Posting on Twitter, Ramy El-Bergamy compared the tweets to lay bare the difference between Britain and the US in their responses to returning to the cinema now coronavirus restrictions are easing:

In America, apparently, people react to cinemas reopening with tears, clapping and enthusiasm. The cinema goer in question poetically said: “Watching movies at home suddenly felt like ‘travelling’ by looking at Instagram.”

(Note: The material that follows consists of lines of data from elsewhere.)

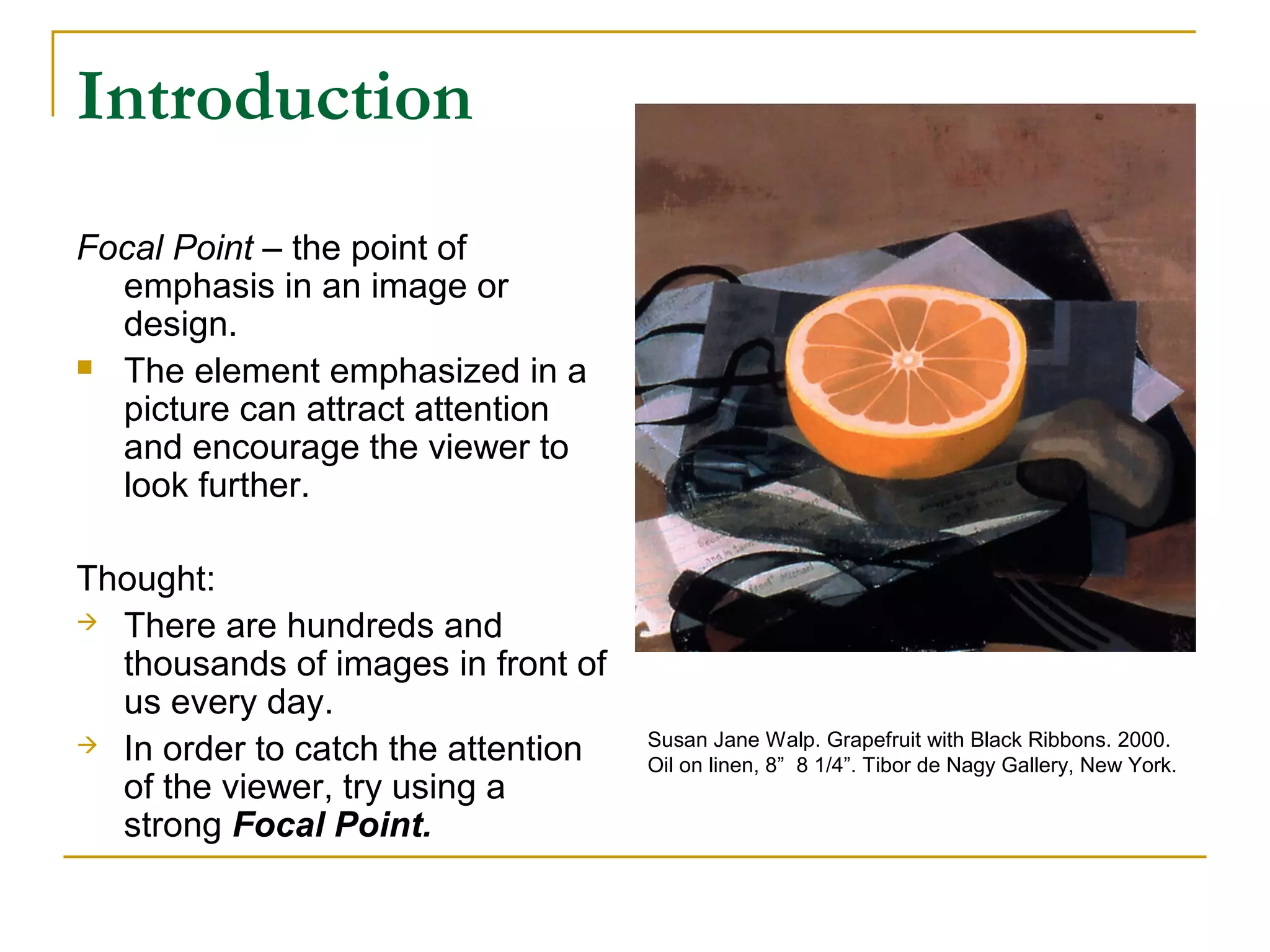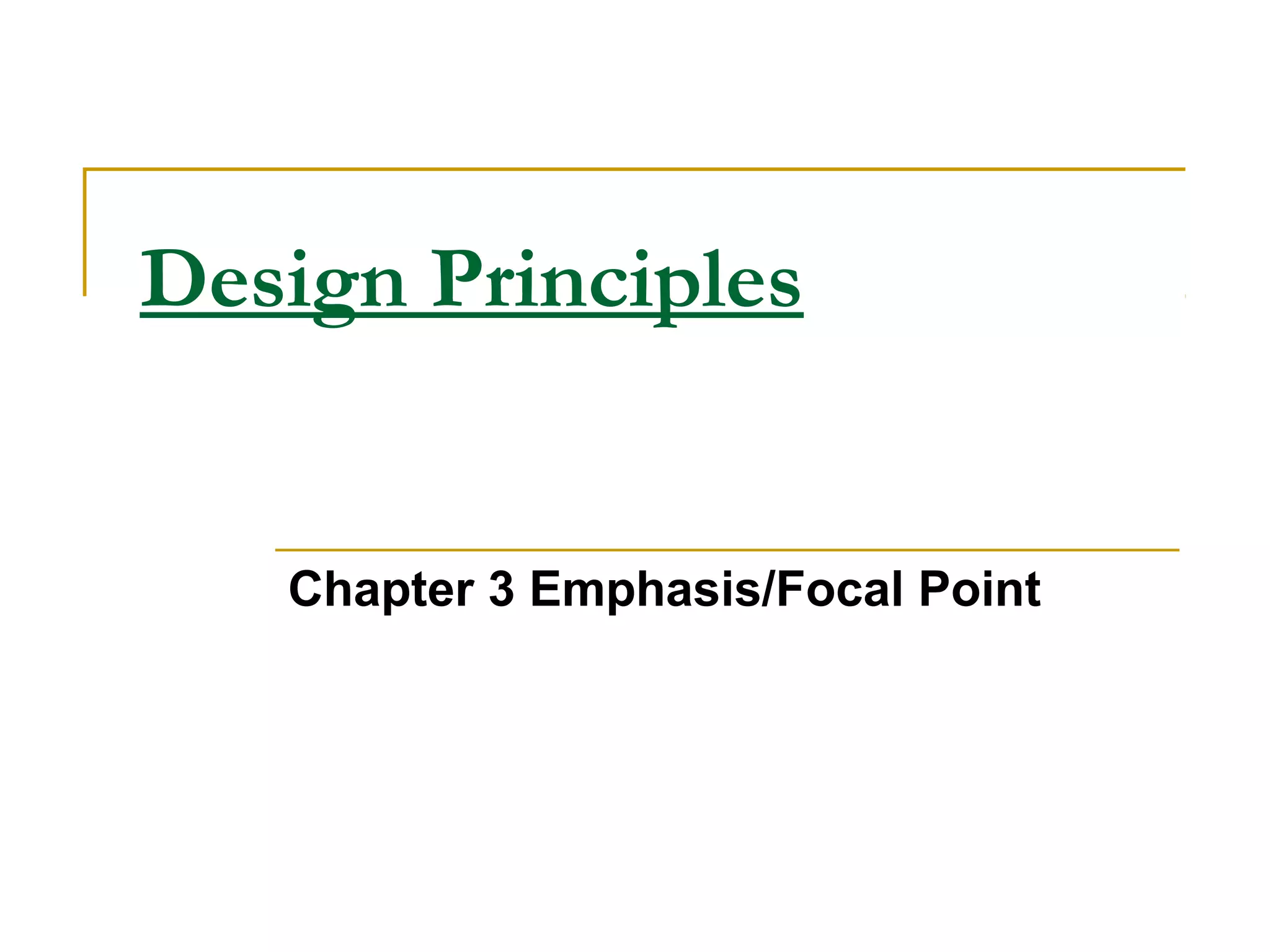 The document discusses design principles related to establishing an emphasis or focal point. It defines a focal point as the element in an image or design that attracts attention and encourages viewing. There are several ways to achieve emphasis through a focal point, including contrast, isolation, and placement of the focal point. Too many focal points can lead to visual confusion. Proper use of a strong, well-placed focal point is important for catching a viewer's attention in the many images they see each day.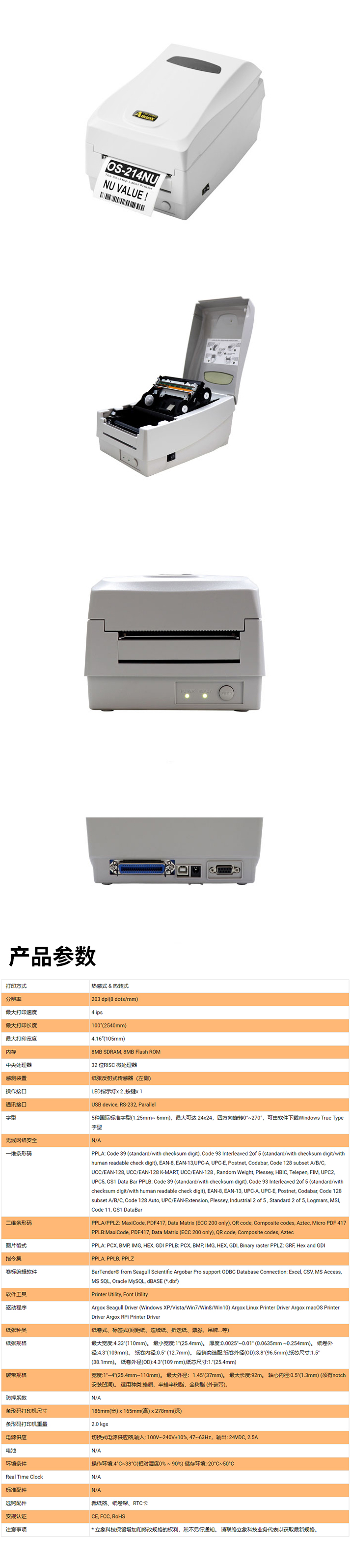 訂購(gòu):立象(Argox)OS-214NU (203DPI)不干膠標(biāo)簽條碼 熱敏/熱轉(zhuǎn)印打印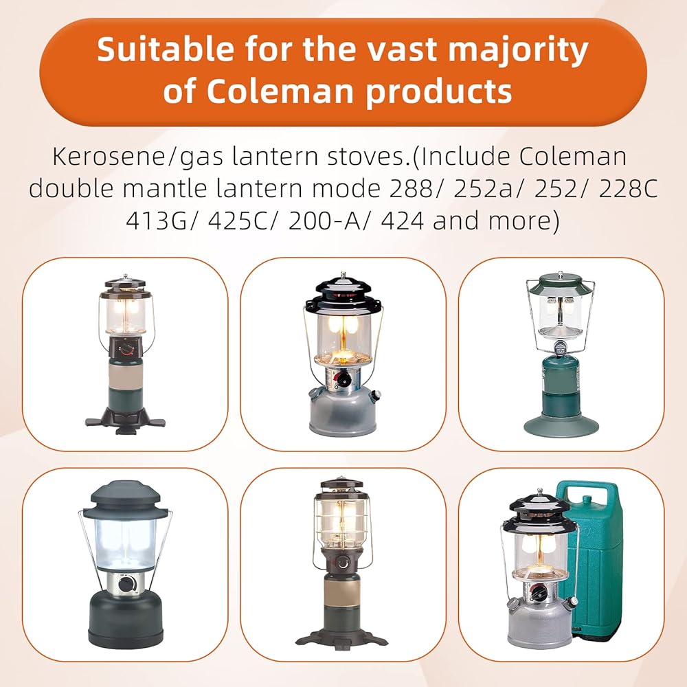 【متوافق مع】مناسب لجميع فوانيس أو موقد كولمان. (يتضمن وضع فانوس كولمان المزدوج 288/252a/252/228C/413G/425C/200-A/424 والمزيد)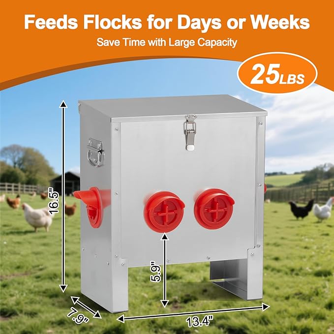 - 25LBS CAPACITY -- Hold up to 25lbs of feed in this automatic chicken feeder, reducing refills and saving time. Ideal for backyard coops or small farms, this automatic chicken feeder keeps food available for flocks of all sizes.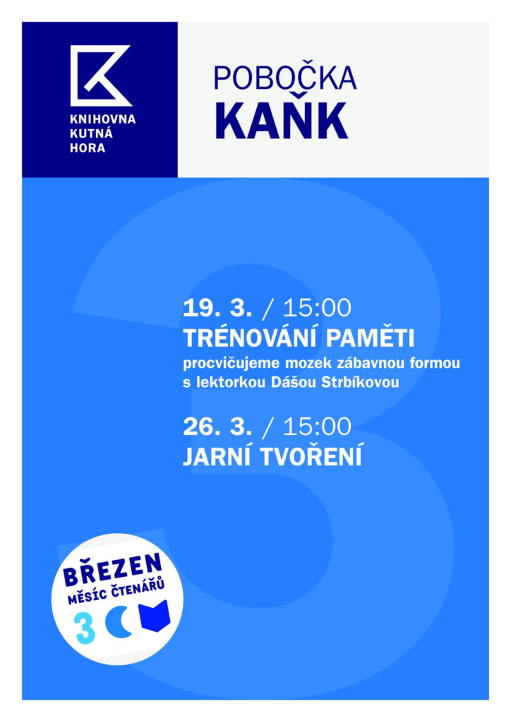 Home > Nezařazené Březnový program Knihovny Kutná Hora – pobočka Kaňk Procvičování mozkových závitů a příprava na jaro. Uveřejnil: Adam Vančo 28. 2. 2026 OsV Kaňk Categories:Nezařazené Adam Vančo Related Posts Nezařazené Dočkáme se na Kaňku obchodu s potravinami? Nezařazené Parkování u Mozaiky v ulici U Lípy Nezařazené Komentář OsV Kaňk k projednávanému záměru výstavby obchvatu Kutné Hory ze den 6.4.2023 Nezařazené Zápis z jednání OsV Kaňk z 30. 9. 2025 Nezařazené Porucha veřejného osvětlení Kaňk Nezařazené Modernizace veřejného osvětlení na Kaňku Napsat komentář Zrušit odpověď na komentářVaše e-mailová adresa nebude zveřejněna. Vyžadované informace jsou označeny *Komentář * Jméno * E-mail * Webová stránka Uložit do prohlížeče jméno, e-mail a webovou stránku pro budoucí komentáře. Post comment Prev Post Program Knihovny Kutná Hora v pobočce na Kaňku pro únor 2026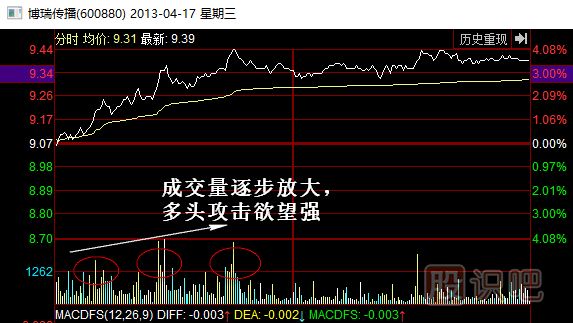 博瑞傳播(600880),該股在2013年4月16日、17日和18日出現(xiàn)紅三兵底部反轉(zhuǎn)形態(tài),同時(shí)股價(jià)越過短期下降趨勢(shì)線,成交量相對(duì)放大,實(shí)盤時(shí)可考慮試探性參與。大家需注意,這個(gè)地方陽(yáng)線、實(shí)體幅度時(shí)遞增的,顯示多方攻擊力度遞增,所以此類形態(tài)是最強(qiáng)的紅三兵;另外就是分時(shí)走勢(shì),下圖。該股4月17日分時(shí)走勢(shì)圖就能明顯看到分時(shí)多方呈現(xiàn)出放量攻擊態(tài)勢(shì),向上成交量堆逐步放大。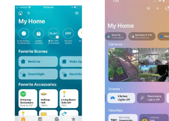 当您打开新应用程序时,您不再面对无休止的“配件”列表(这样一个描述性的词……)和“收藏夹”(我应该如何在我的灯之间选择收藏夹?),然后是一个流的相机快照。相反,由于一些横向魔法,您仍然可以看到您的收藏夹和相机,但现在可以快速滚动到您的所有房间。另外,由于顶部有一个新的快捷方式部分,您可以轻松地按类型对所有设备进行分类:灯光、安全、气候、扬声器和电视以及水。这种组织结构将过去令人沮丧的敲击、滑动和啄食以打开灯或解锁门的体验变成了类似于可用的东西。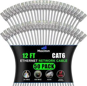 Maximm Cat 6 Ethernet Cable - 12 ft (50-Pack) - High-Speed LAN, Internet, Patch, and Network Cable - UTP, 10Gbps, 550MHz Ethernet Cord - White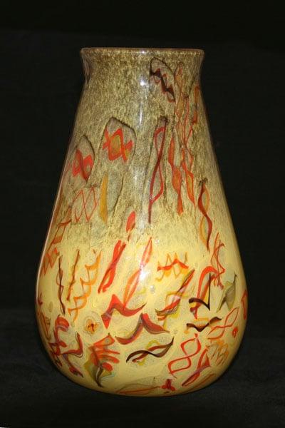 Vincent was the son of Salvador Ysart who moved to Perth from Spain with his family and had a large impact on the production of art glass in Scotland with the inception of Monart glass and later Vasart glass both based in Perth. The YsartÂ’s established a tradition of art glass in Scotland, which had not existed before. Their creations inspired future generations of Scottish art glass as well as individual makers. This piece with its unique filigree cane decoration was made as a birthday gift for the artist's wife. The style of the vase reflects the influence of Vincent YsartÂ’s Spanish roots. The design of this particular piece is evocative of native painter Joan Miro in terms of the organic forms and colour.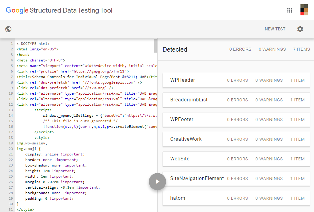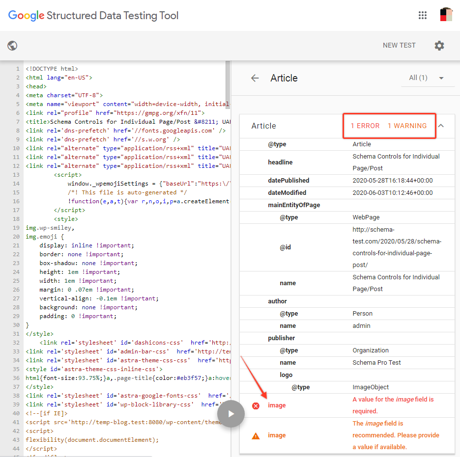 In our example, enabling option will skip rendering Article schema on a the page. And the Google’s Structured Data Testing Tool will look like –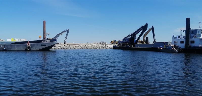 Jednym z zadań składających się na „Modernizację toru wodnego Świnoujście – Szczecin do głębokości 12,5 metra” jest budowa dwóch sztucznych wysp na Zalewie Szczecińskim. Na wyspie W22 (północnej) urobek jest odkładany rurociągami na jej obrzeżu, ponad powierzchnię wody. Trwa tam również montaż kamienia hydrotechnicznego do umacniania skarp podwodnych. Na zdjęciu: rozładunek kamienia i budowa umocnienia. W przypadku wyspy W28 urobek jest układany wewnątrz niej oraz rozpoczęto prace przygotowawcze pod roboty umocnieniowe. Obydwie zostaną obsadzone roślinnością, przy czym W22 będzie uformowana całkowicie i traktowana jako obszar środowiskowy, przeznaczony przede wszystkim dla ptaków. Druga z wysp jeszcze przez wiele lat ma służyć jako miejsce odkładania urobku.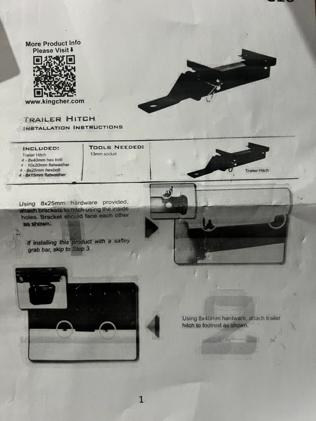 New, unused Kingcher trailer hitch. Includes all hardware and instructions. For ATVs, UTVs, or golf carts. Easy installation.

In Britain, however, the response to getting our screens back is more dignified and our stiff upper lips merely tremble. There’s no crying, but “an emotional current among the audience”, according to the tweet. There’s a bit of clapping, but no-one joins in and the clapper mentioned in the anecdote was quickly told to “f**k off”. The Britain we know and love.

Reacting to the tweets, people shared their cinematic experiences to further cement the cultural differences between the countries. One person said that when, in England, a film stopped playing halfway through, no-one reacted for ages because they didn’t want to make a fuss:

And posting on Reddit, someone said: “I quite like a nice subtle British reaction. When I went to see the first Pirates of the Caribbean film, someone in the audience very quietly gave a piratey “yarrr” when the BBFC certificate came up.”

Others weren’t a fan of the American reaction and saw it as a bit too much.

While others sided with the States and criticised Brits for being so buttoned-up.

As for us? While it’s great the cinemas have reopened there is no need to snot into your masks. “An emotional current” sounds like quite far enough.